Dedim bende, hâlâ film devam ediyordu. Ben bu gece sağ çıkarsam iki rekat şükür namazı kılacağım be!
Yere serdiğimiz yorgan ve yastığa daha da sokuldum. Of! Ben artık öldüm.
"Isabell?"
Dedim, filme odaklanmıştı
"Hı?"
"Benim üzerimi değişmem lazım."
Dedim meyve suyu falan dökülmüştü sonuçta. Ayaklandı ve dolabından bir tişört çıkarıp bana verdi, lekelenmiş tişörtümü odanın ne tarafına fırlattıysam göremiyordum çünkü karanlıktayız gibi. Tişört üzerime tam uymuştu, yavaşça yere çöktüm ve filme odaklandım.
***
Eve girecektim ama annemlerin bu gece evde olmaması da bir fırsattı sonuçta. Önce Isabell'in odasına uğrayacaktım sonra da gidip uyuyacaktım, yorgundum.

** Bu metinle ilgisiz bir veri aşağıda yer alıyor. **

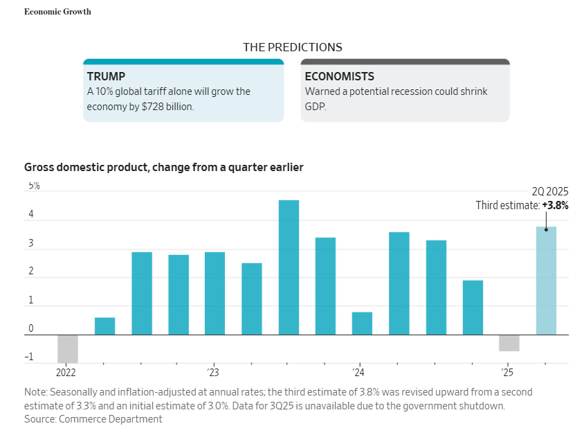 关税并未拖垮经济。事实上,第二季度GDP达到了近两年来的最强季度增长:经季节性和通胀调整后的年化增长率为3.8%。第三季度增长率紧随其后,约为3.5%。
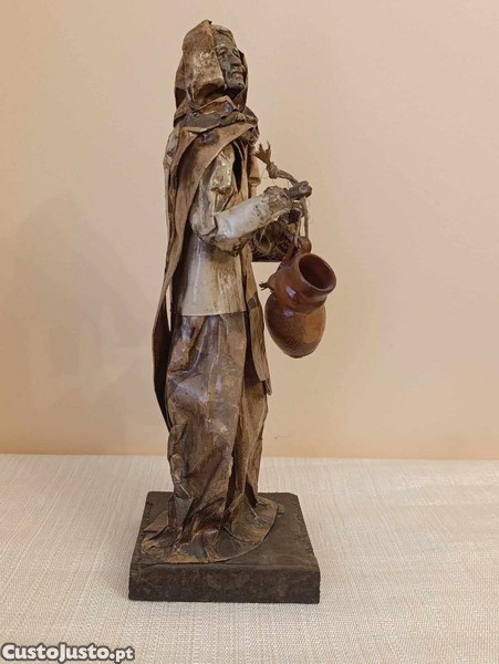 Figura de artesanato mulher, com cantaros barro, em papel maché, com base em madeira de 10cm x 10cm, com 30cm de altura, em bom estado de conservação com pequena falha do papel na cabeça (ver fotos). Por 18EUR + portes de envio.
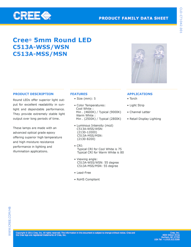 LEDU-C513A-WSN-CREE Dioda LED, 5mm, , ultrajasna 2130-8200 mCd, water clear, 55 stopni, Cree
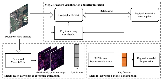 本研究提出了一个三阶段的可解释回归(XRegression)框架:(1)特征提取:利用深度学习模型 Mask R-CNN 与特征金字塔网络(FPN)提取高分辨率图像中的多尺度空间特征。(2)特征筛选:使用随机森林回归结合 SHAP 模型,识别对用电预测影响最大的关键图像特征。(3)特征可视化解释:通过特征图激活分析,结合乡村地理知识,揭示图像中新建农房道路通达性农田林地等地理要素与用电水平之间的关系。该方法以广东省新兴县547个500m×500m栅格为样本单元,模型预测精度达到 0.797 的相关系数水平,显著优于传统方法。

Acaba Deniz ne yapıyordur? Diye geçirdim içimden, ama ne yapabilirdi ki. Kızı bıraksam yedi yirmi dört uyurdu! Eskisi gibi...
Kapıyı açtım ve yavaşça içeri girdim, kapıyı kapattıktan sonra montumu portmantoya astım, susamıştım. Mutfağa girdim ve arıtmayı açıp suyun bardağı doldurmasını bekledim.
Bir saniye... Yukarıda cinayet mi işleniyor lan!
Dolu bardağı tezgaha bırakıp merdivenlerden çıkmaya başladım.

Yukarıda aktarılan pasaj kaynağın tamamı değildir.